__TASK BRIEF__: Give again, word for word, each line below starting at the one that contains "- 联盟共享,盟主分配:30" and ending at the one that contains "the corn: | | |".

─── INFORMATION PROVIDED

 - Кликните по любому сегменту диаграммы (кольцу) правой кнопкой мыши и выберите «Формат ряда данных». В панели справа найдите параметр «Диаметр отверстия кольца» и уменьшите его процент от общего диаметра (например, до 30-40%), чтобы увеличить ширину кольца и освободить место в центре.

──────
─── INFORMATION PROVIDED

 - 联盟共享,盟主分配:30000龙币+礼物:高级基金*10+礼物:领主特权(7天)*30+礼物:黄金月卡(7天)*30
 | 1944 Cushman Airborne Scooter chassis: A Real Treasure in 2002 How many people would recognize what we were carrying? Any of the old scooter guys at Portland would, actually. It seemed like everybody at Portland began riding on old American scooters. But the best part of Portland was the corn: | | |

──────

__RESULT FOR THIS TASK__:
 - 联盟共享,盟主分配:30000龙币+礼物:高级基金*10+礼物:领主特权(7天)*30+礼物:黄金月卡(7天)*30
 | 1944 Cushman Airborne Scooter chassis: A Real Treasure in 2002 How many people would recognize what we were carrying? Any of the old scooter guys at Portland would, actually. It seemed like everybody at Portland began riding on old American scooters. But the best part of Portland was the corn: | | |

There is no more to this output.